Research Regulatory Coordinator

Join a world class team and help to bring cancer treatment HOME!

Highlands Oncology began in 1996 with three physicians and a desire to change the face of oncology care in our community.  Dr. Malcolm Hayward, Dr. Dan Bradford, and Dr. Thad Beck knew that patients do better at home, in the community where they live and work, and where their support system is already in place. In furthering that goal, Highlands has grown with the region from a single location 26 years ago, to 6 locations in Northwest and Northcentral Arkansas today employing more than 750 diverse team members.

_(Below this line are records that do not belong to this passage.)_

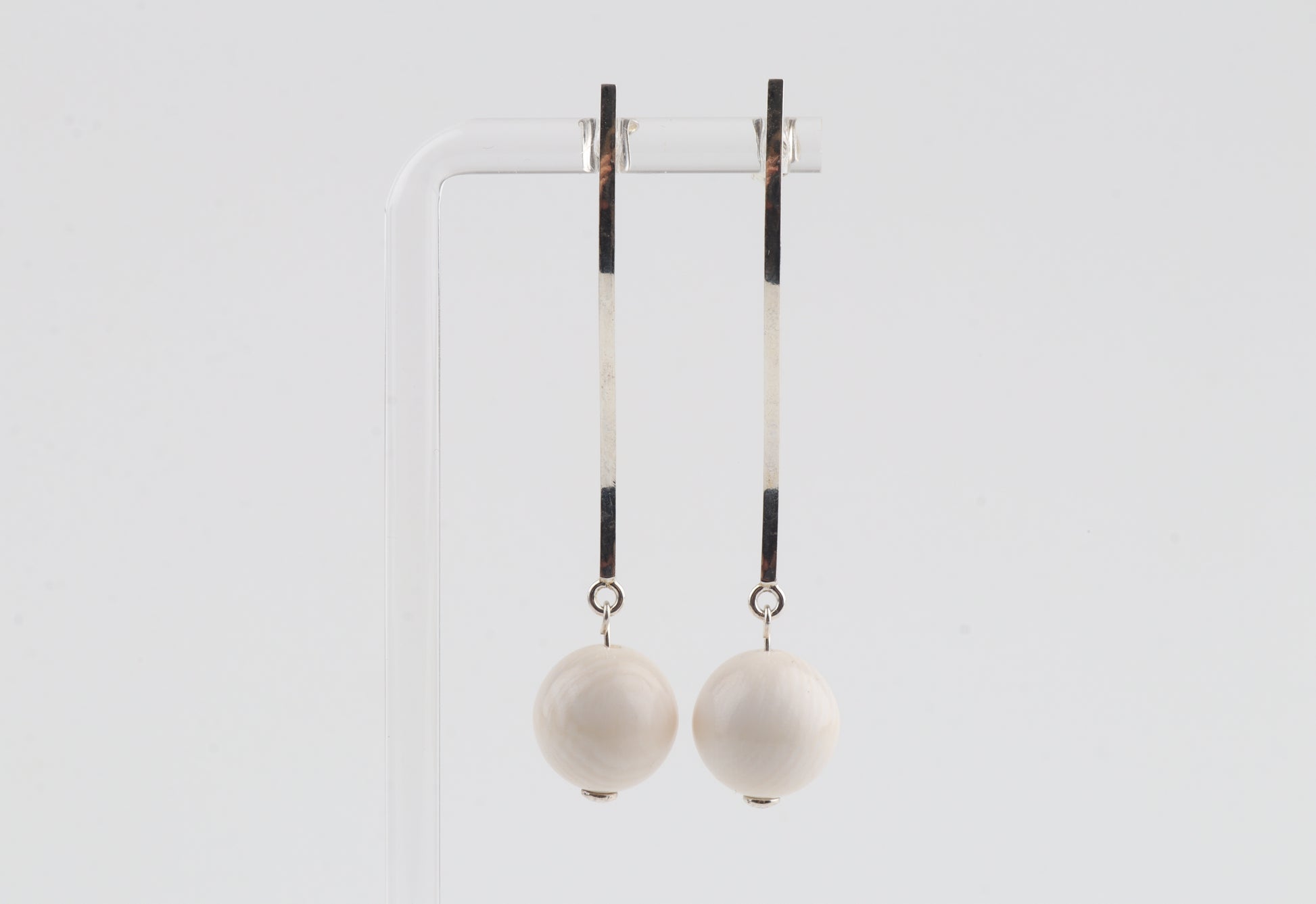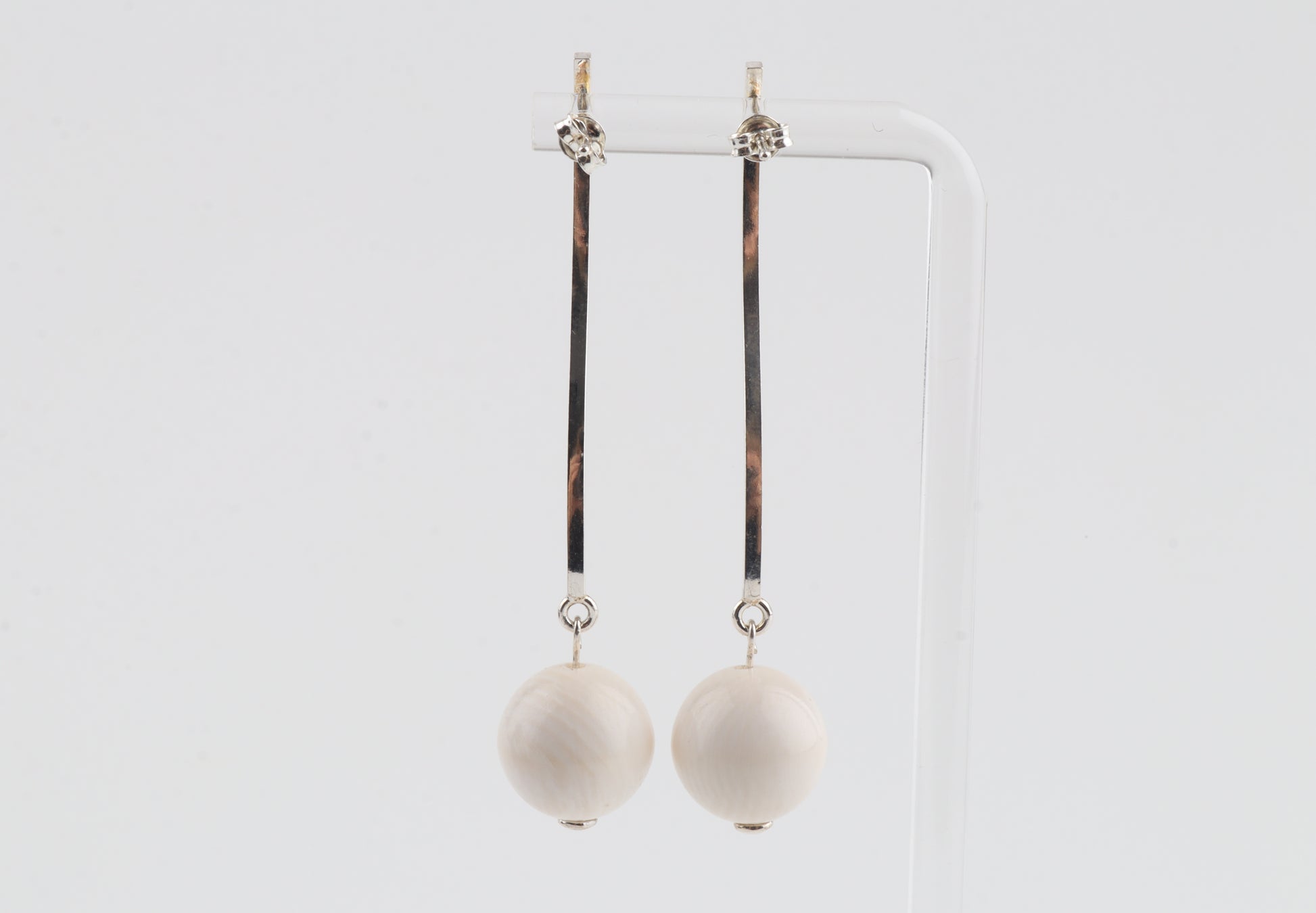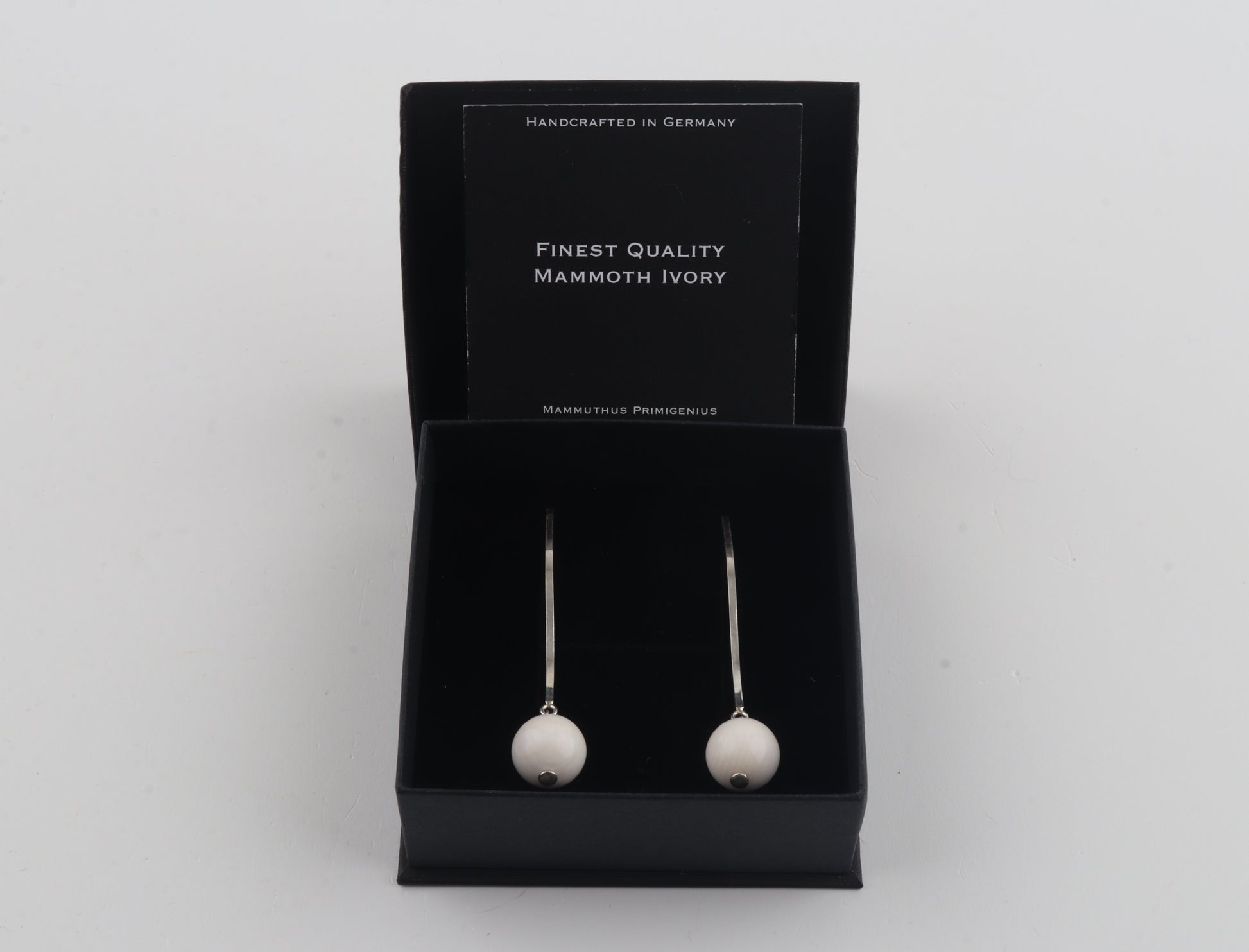 These sleek, modern earrings feature mammoth ivory spheres (Mammuthus primigenius) suspended from long, elegant sterling-silver studs. The minimalist linear design brings a refined contrast between the cool shine of silver and the warm, natural tone of mammoth ivory. Lightweight yet striking, they offer an effortlessly sophisticated look suitable for both everyday wear and special occasions.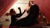 Sonea and her girl friend are sitting on the bed and want some fun. Both of them sat down on a large balloon and inflated two large balloons until they burst. Then both play wildly with the big balloon. The girls sit down on the balloon again and together pop a smaller balloon between them. At the end the two girls deflate the big balloon.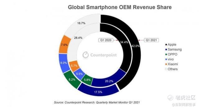 上表为2021年Q1全球手机利润分布图,从中可以看出,一季度全球手机行业利润突破了一亿美元,这其中,单苹果一家,就干走了42%的份额,就问你恐不恐怖?排名第二的是三星,拿走34.4%的份额,小米排在第5,份额为13.3%。不算三星和苹果,在国内,小米的盈利水平也是在OPPO和vivo之后的。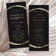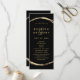 This wedding program features a faux gold circle frame with an elegant ampersand and simple calligraphy with a black background.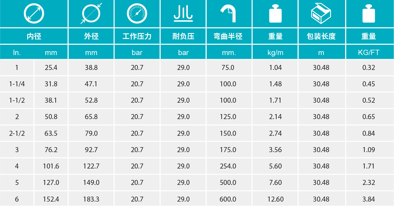 - 【增強(qiáng)層】多層螺旋纏繞的合成纖維,帶有金屬螺旋絲

As Northwest Arkansas continues to grow, so must the services and providers available in the region.  Highlands Oncology is committed to remaining on the cutting edge to ensure our community has access to the very best cancer care.  What we have is something quite unique right here in our own backyard with a caring multidisciplinary team focused on treating patients like family.

Job Summary: The Research Regulatory Coordinator is responsible for regulatory documentation and compliance for clinical trials, consistent with good clinical practice guidelines, the Highlands Oncology Group policies and procedures, and sponsor requirements within the assigned setting.

Job Duties / Responsibilities:

Protocol Management

• Performs all study-start-up activities – initial IRB Submission, initial FDA Form 1572, initial Financial
• Disclosure Forms, request study access for assigned coordinator and data manager.
• Prepares/maintains protocol files accurately and in a timely fashion.
• Insures most recent protocols, amendments, and memos are on file in the respective offices and on the Research drive.
• Maintains accurate and complete sponsor correspondence files in the regulatory binders.
• Provides support to the data managers and coordinators as requested.
• Coordinates and attends sponsor site initiation visits at office.

IRB Responsibility

• Acts as a contact for all regulatory concerns.
• Submits protocol/ICF changes to the IRB in a timely manner.
• Maintains accurate and complete IRB correspondence files and follow-up actions.
• Insures the most recently approved versions of the ICF are available at each site and on the Research drive.
• Notifies Clinical Research Coordinator of consent form and protocol changes when necessary.
• Submits site related Serious Adverse Events.
• Submits site related protocol deviations, if applicable.

Miscellaneous

• Answers the research department phone.
• Escort Clinical Research Associates from the front lobbies.
• Provide tours when needed.
• Scans source documents into HOG drives and EMR when applicable.
• Posts and tracks training of all new trial materials on SharePoint.
• • Scans staff training certificates into the appropriate folders, when needed.